-- Task details --
Output, exactly as written, the lines below from the one that has "El proceso terapéutico" through the one that has "Aixtron stellt Depositionsanlagen"; nothing else, and no pictures.

-- Excerpted records --
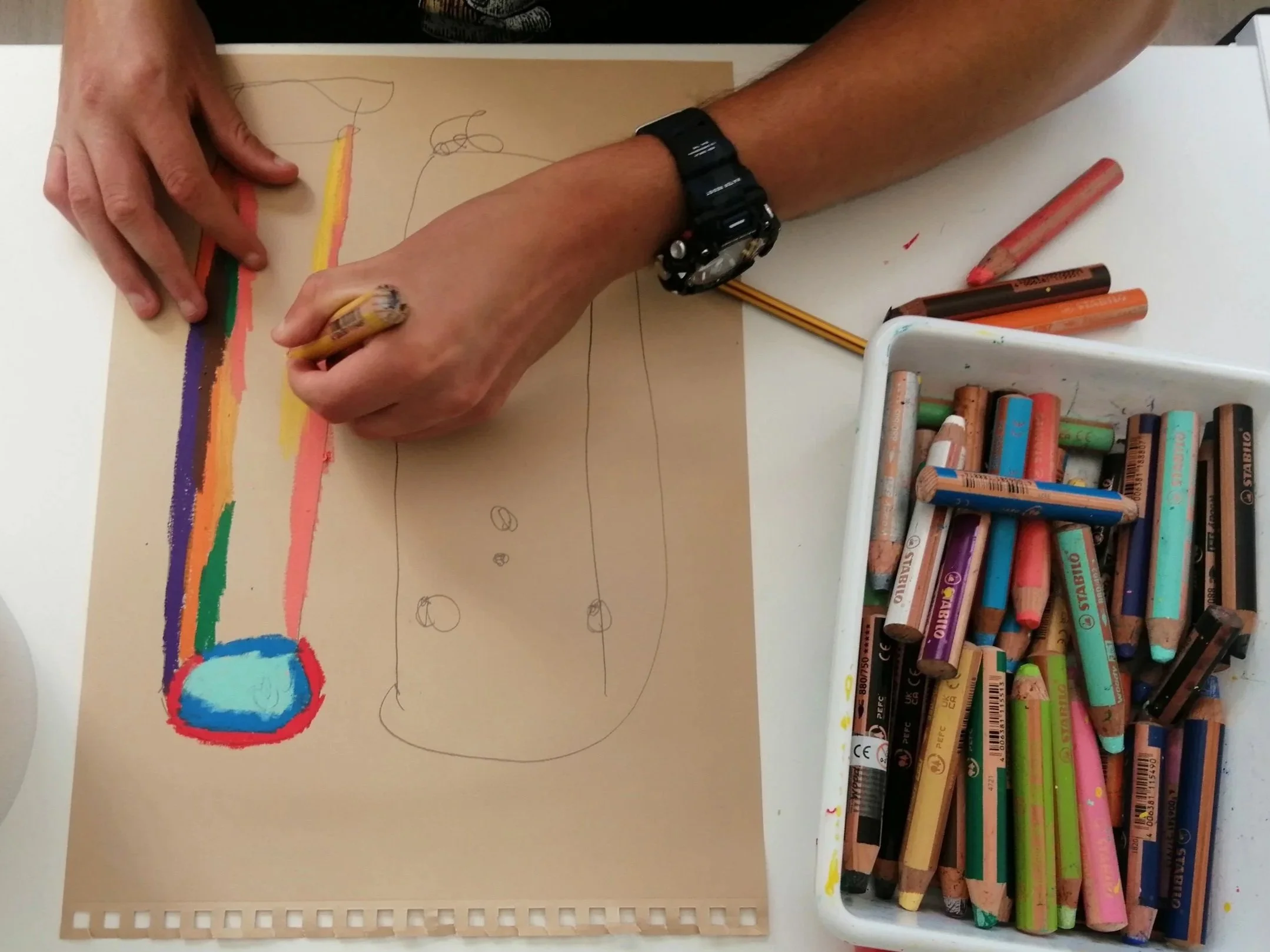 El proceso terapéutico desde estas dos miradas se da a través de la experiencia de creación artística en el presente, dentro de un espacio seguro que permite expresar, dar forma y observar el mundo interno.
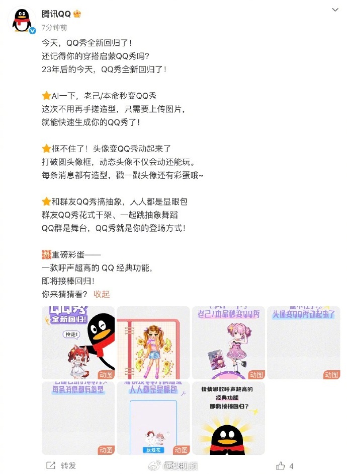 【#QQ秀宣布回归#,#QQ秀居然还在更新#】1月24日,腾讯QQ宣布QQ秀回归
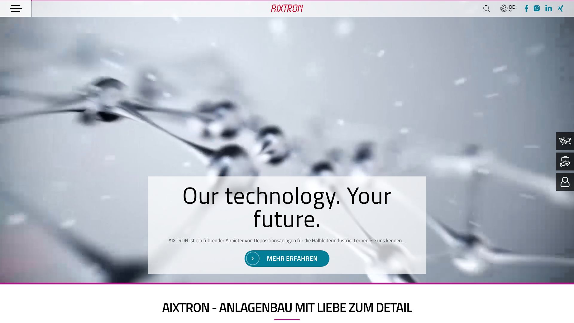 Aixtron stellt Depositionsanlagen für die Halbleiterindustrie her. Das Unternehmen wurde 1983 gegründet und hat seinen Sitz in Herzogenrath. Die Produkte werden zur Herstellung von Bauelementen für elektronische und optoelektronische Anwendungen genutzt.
--
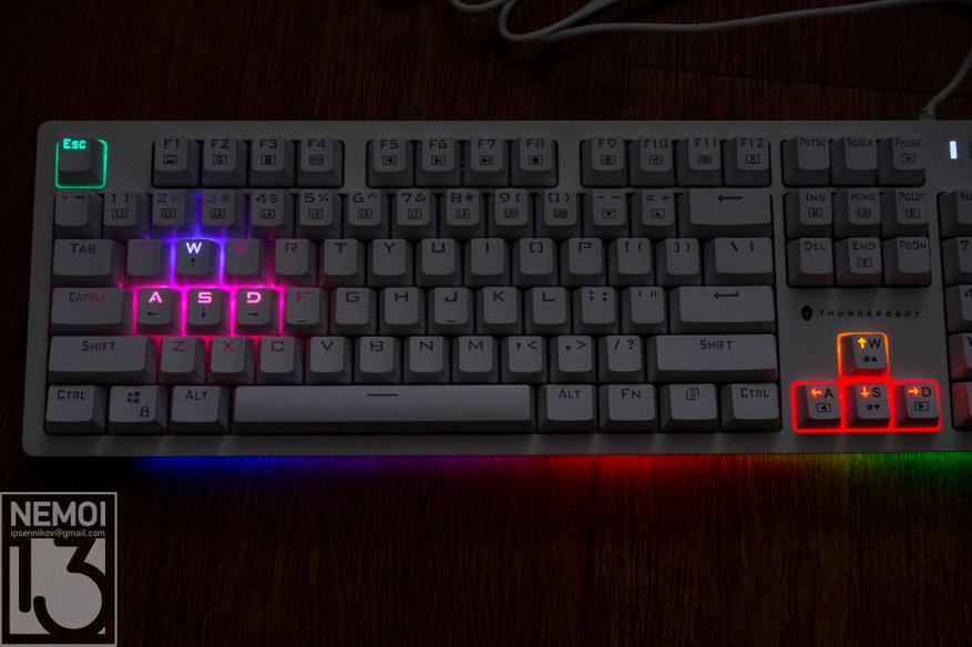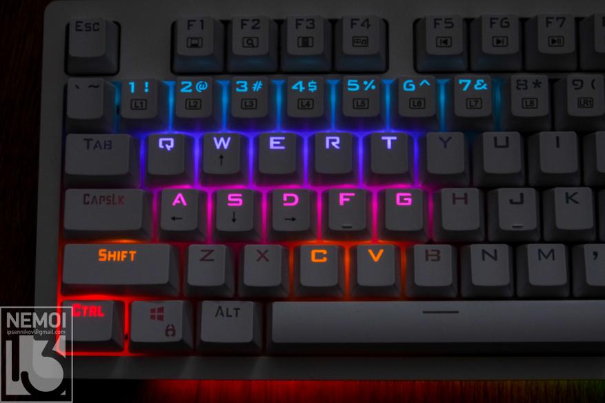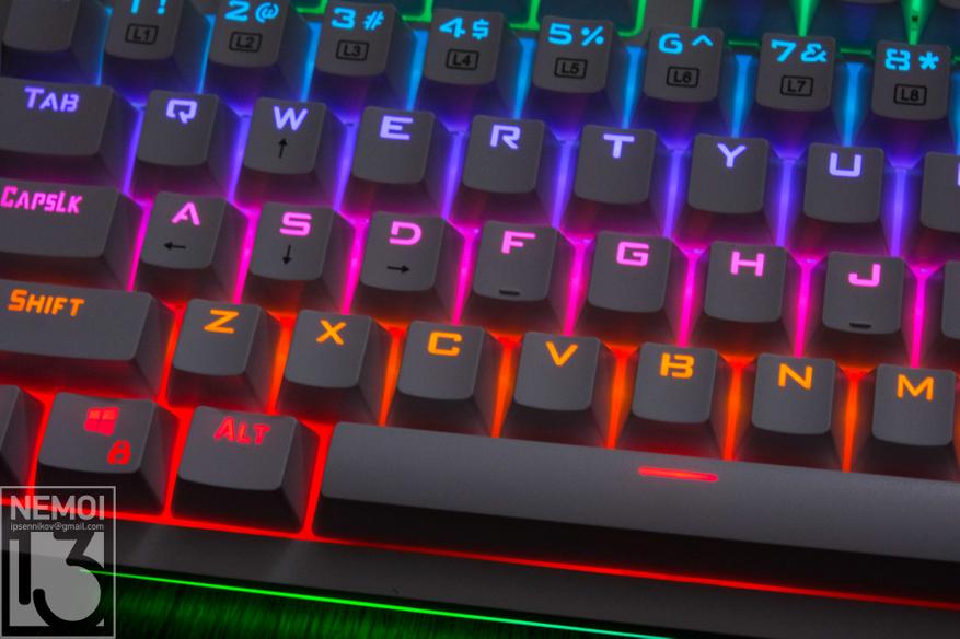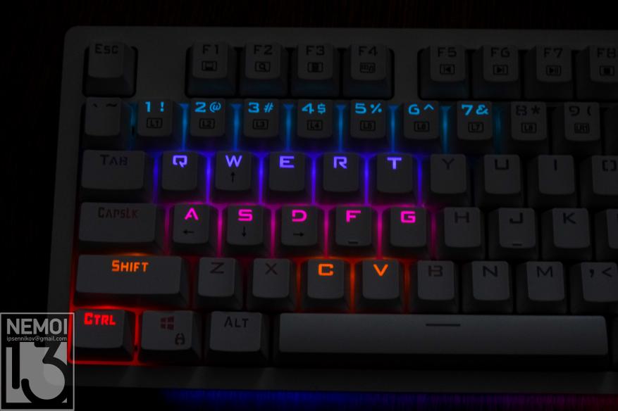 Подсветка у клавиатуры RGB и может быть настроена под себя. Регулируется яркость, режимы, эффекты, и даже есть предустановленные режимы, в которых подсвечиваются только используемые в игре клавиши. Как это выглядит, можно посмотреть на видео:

-- Task answer --
 El proceso terapéutico desde estas dos miradas se da a través de la experiencia de creación artística en el presente, dentro de un espacio seguro que permite expresar, dar forma y observar el mundo interno.
 【#QQ秀宣布回归#,#QQ秀居然还在更新#】1月24日,腾讯QQ宣布QQ秀回归
 Aixtron stellt Depositionsanlagen für die Halbleiterindustrie her. Das Unternehmen wurde 1983 gegründet und hat seinen Sitz in Herzogenrath. Die Produkte werden zur Herstellung von Bauelementen für elektronische und optoelektronische Anwendungen genutzt.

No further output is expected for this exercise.